Time for a Rant and a Rave -- Society and Gender Roles

I recently found myself in a situation where an individual went off on me about her "perceived" role of what I should or should not be doing at an event. It was very interesting. First, I am the CEO of 3L Publishing (, and this was a professional event. What this person got her knickers twisted over was interesting and inappropriate, but none the less she went off anyway. One of her major complaints involved why I was not processing payments and lifting books in boxes. I got to thinking about this complaint and realized there was a greater misunderstand and even a cultural issue about expectations about women.

I will start with this basic question to address the complaint: Have you ever seen a CEO at an event lifting boxes and processing orders? The CEO is the company figure head. I was there to meet and greet and represent the product. I hire people to lift boxes (because frankly I have a disability and cannot do it anyway), but the expectation that the company figure head should be on the floor doing the detailed work, which even in the office I don't do (I have an operations manager and she's awesome). Then it hit me! She saw this as women's work. Had I been a man, I seriously doubt she would have complained at all nor would she have expected I do the labor. I'm absolutely certain of this assertion. It was because I was a woman. A male CEO would have automatically carried greater respect (you can disagree but it's still a man's world).
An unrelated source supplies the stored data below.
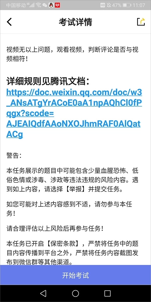 1、首先务必吃透规则。开始任务前,要把规则理解透彻,这能提升做题的准确率,避免发钱时因准确率低被扣很多。做题前建议把规则读三遍,有疑问就加答疑群(通常任务规则里会提供QQ群或微信群)咨询管理人员。千万不要为了追求做题数量和速度而忽略规则,不然会造成严重后果。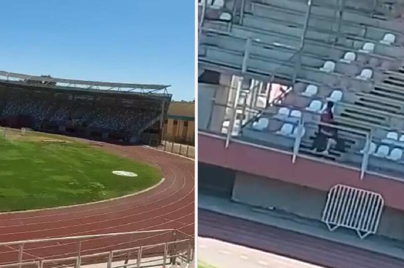 El momento fue grabado a distancia por testigos, y muestra el momento en que una mujer le realiza sexo oral al trabajador en el estadio La Granja.
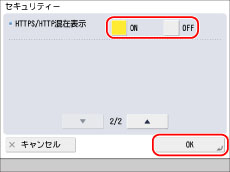 「OFF」に設定した場合は、HTTPS/HTTP混在ページ内のHTTPSで指定されたコンテンツのみ表示されます。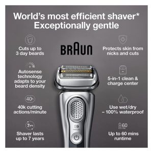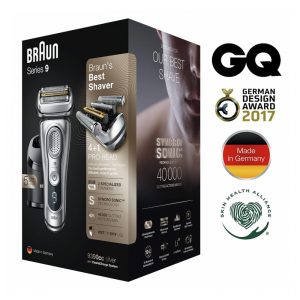 Barbeador Elétrico Masculino Portátil Braun 9390cc com Aparador de Barba Retrátil e Estojo de Couro Prata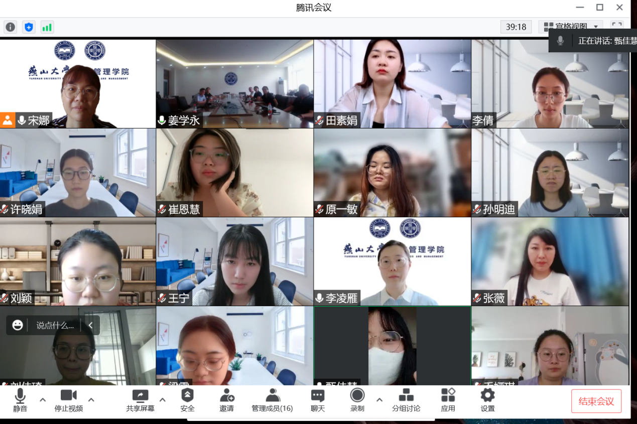 为即将参加援疆实践活动的旅游管理专业研究生举行了线上欢送动员会。学院党委书记张振华、院长李春玲出席会议并讲话,参加会议的还有正处级辅导员刘琳、副院长陈晶璞、副院长靖鲲鹏、副书记张志超、学院团委书记张薇、旅游系党支部书记李凌雁、系主任宋娜,2020级已经参加过援疆项目的毛娅琪、王宁同学和2021级、2022级即将出发奔赴新疆的田素娟等10位同学。宋娜老师主持会议。

Part of the problem is we still don't have a lot of female CEOs and business owners. The numbers have grown, but still we're behind, especially CEOs of major Fortune 100 companies. No CEO standing at a party in a business suit would have heard the complaint I heard. I have never been one to dwell on my gender as a hindrance, and I won't even today. Hard work and mental outlook and attitude always prevail over petty prejudice. But in evaluating that situation and wondering why someone would have made up such an unreasonable expectation of the company CEO, it realized why (well, at least partially why ... some people can have the perfect experience and still rain on the parade).